- _WHAT THE EXERCISE ASKS_: With the pictures left out, retype exactly the lines below starting at the line that contains "32nd Floreale Series" and ending at the line that contains "- Zazdrostka z".

- _DATASET ENTRIES_:

+++

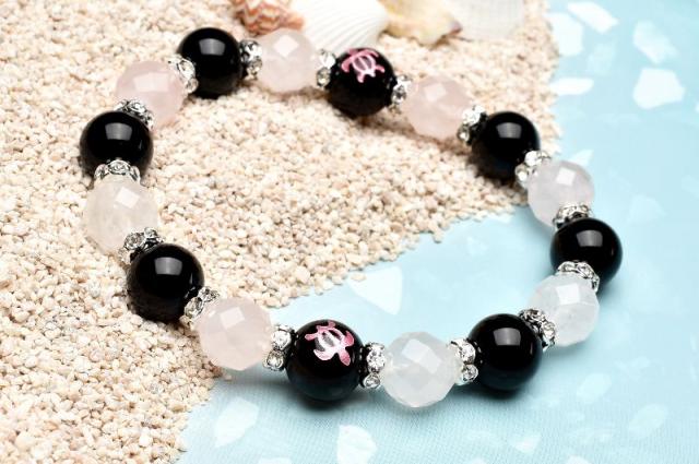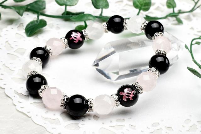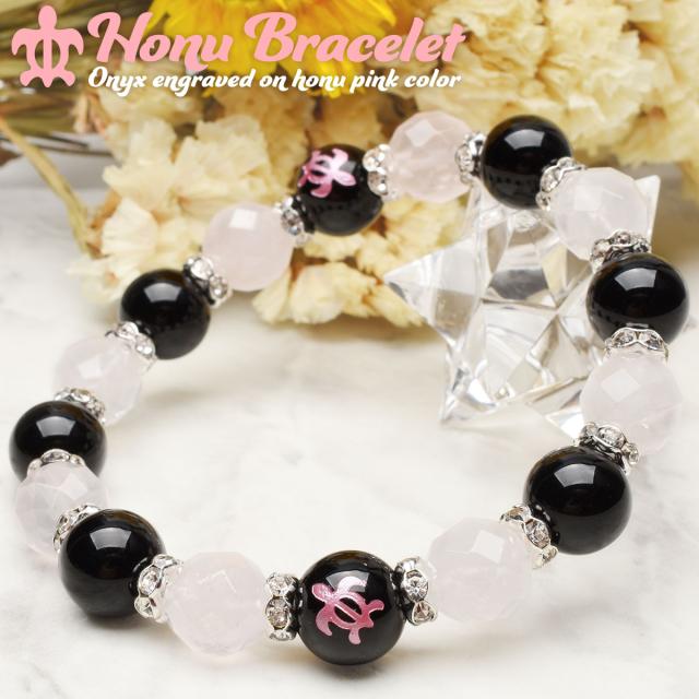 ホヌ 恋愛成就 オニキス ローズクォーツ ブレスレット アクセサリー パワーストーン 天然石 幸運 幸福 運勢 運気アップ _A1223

+++

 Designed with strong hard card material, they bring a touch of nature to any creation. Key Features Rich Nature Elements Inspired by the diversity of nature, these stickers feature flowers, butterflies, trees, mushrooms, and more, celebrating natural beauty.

+++

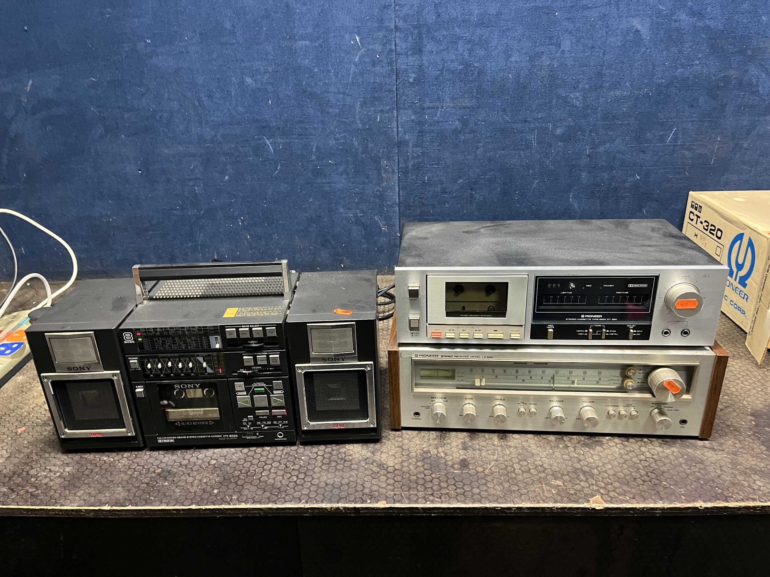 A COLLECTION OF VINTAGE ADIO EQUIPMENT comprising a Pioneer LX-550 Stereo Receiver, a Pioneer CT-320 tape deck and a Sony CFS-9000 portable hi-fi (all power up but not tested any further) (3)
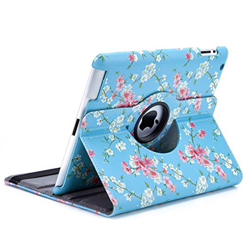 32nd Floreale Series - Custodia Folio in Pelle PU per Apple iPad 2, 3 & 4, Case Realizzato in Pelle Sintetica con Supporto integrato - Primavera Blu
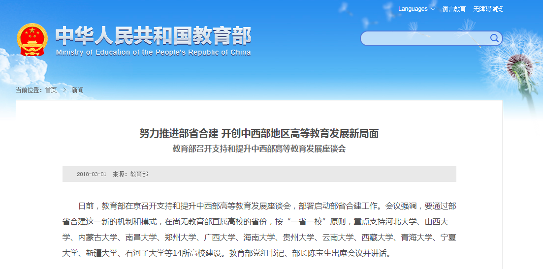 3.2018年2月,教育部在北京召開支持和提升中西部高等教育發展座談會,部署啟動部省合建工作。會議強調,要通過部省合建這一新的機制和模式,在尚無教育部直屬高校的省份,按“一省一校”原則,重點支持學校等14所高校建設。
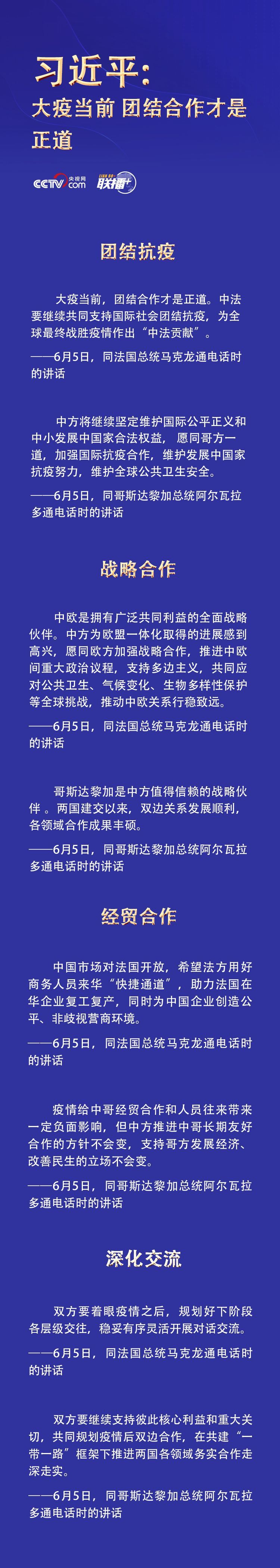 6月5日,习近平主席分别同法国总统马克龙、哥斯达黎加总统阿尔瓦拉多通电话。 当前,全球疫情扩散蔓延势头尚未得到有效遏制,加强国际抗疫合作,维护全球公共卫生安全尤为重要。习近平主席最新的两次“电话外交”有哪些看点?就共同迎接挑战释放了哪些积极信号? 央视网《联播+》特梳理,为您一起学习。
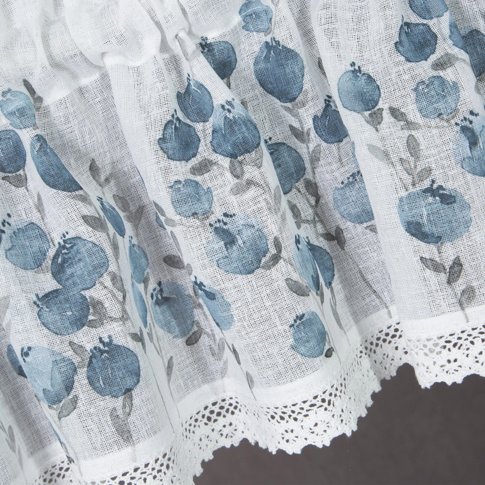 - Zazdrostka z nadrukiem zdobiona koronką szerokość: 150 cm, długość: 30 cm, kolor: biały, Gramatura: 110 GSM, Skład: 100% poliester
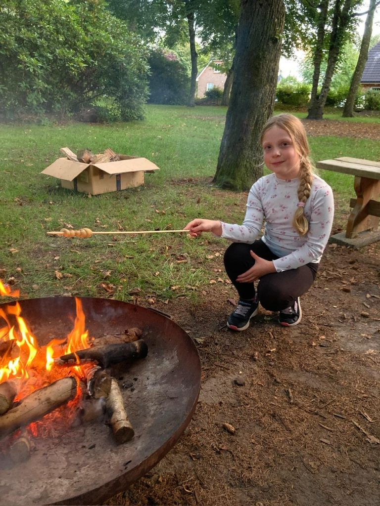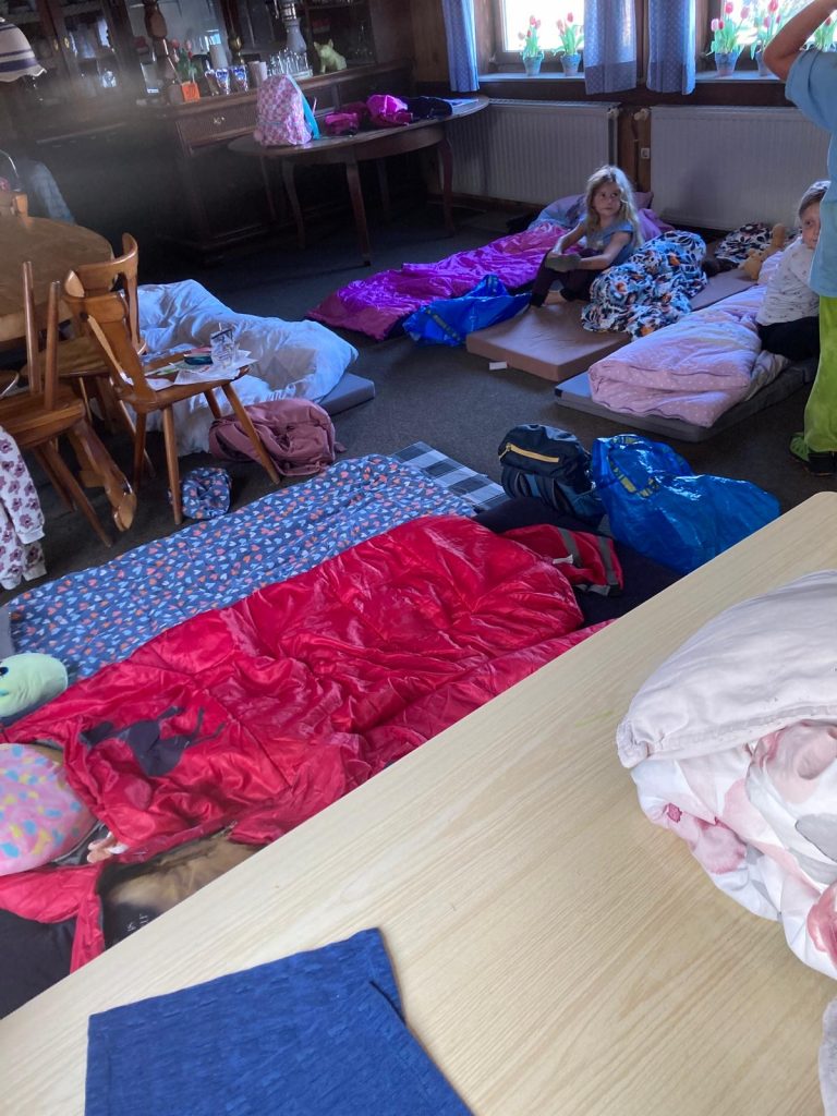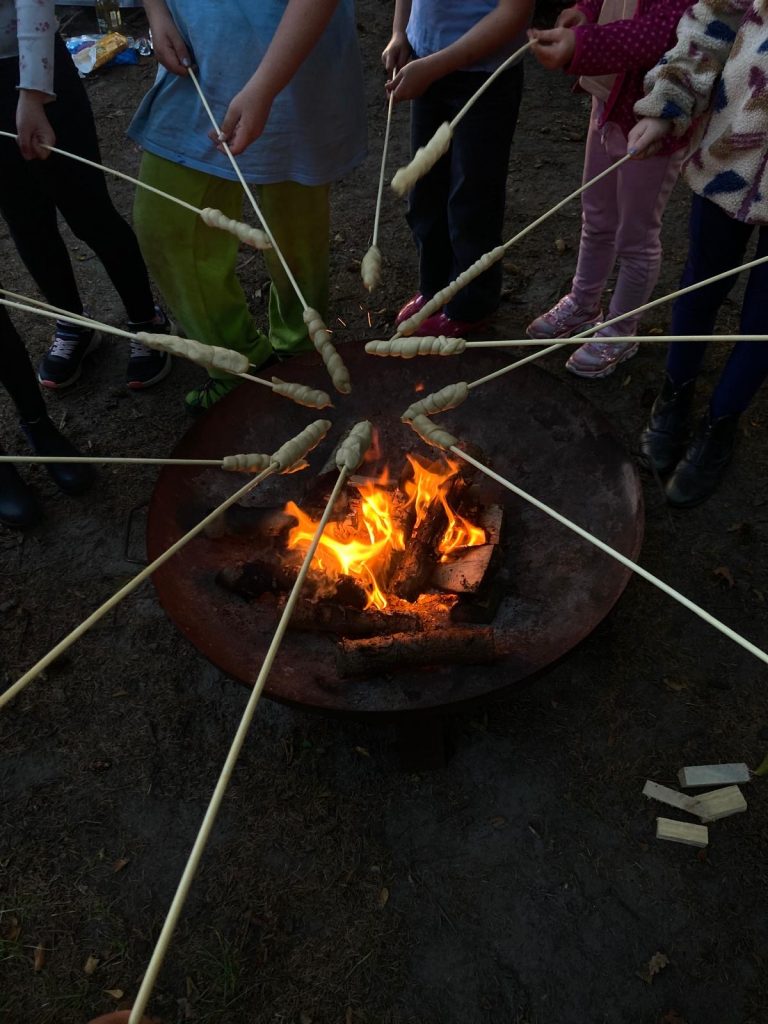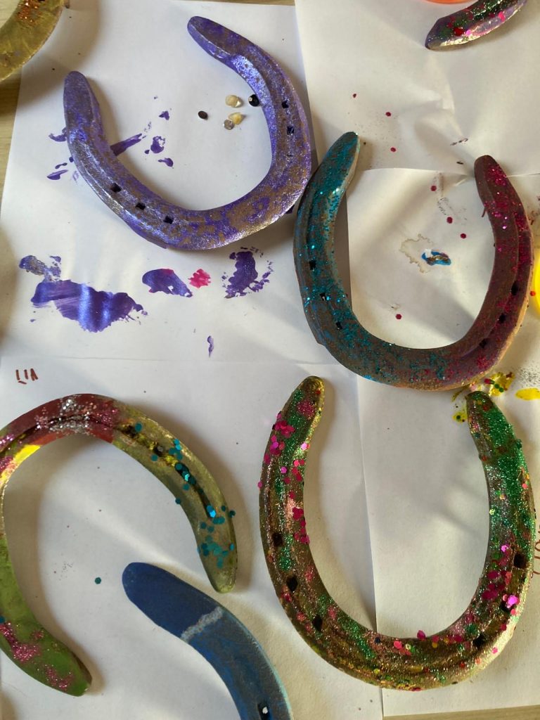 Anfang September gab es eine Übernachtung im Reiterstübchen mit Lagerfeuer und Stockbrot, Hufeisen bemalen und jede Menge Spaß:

+++

- _ANSWER AREA_:
 32nd Floreale Series - Custodia Folio in Pelle PU per Apple iPad 2, 3 & 4, Case Realizzato in Pelle Sintetica con Supporto integrato - Primavera Blu
 3.2018年2月,教育部在北京召開支持和提升中西部高等教育發展座談會,部署啟動部省合建工作。會議強調,要通過部省合建這一新的機制和模式,在尚無教育部直屬高校的省份,按“一省一校”原則,重點支持學校等14所高校建設。
 6月5日,习近平主席分别同法国总统马克龙、哥斯达黎加总统阿尔瓦拉多通电话。 当前,全球疫情扩散蔓延势头尚未得到有效遏制,加强国际抗疫合作,维护全球公共卫生安全尤为重要。习近平主席最新的两次“电话外交”有哪些看点?就共同迎接挑战释放了哪些积极信号? 央视网《联播+》特梳理,为您一起学习。
 - Zazdrostka z nadrukiem zdobiona koronką szerokość: 150 cm, długość: 30 cm, kolor: biały, Gramatura: 110 GSM, Skład: 100% poliester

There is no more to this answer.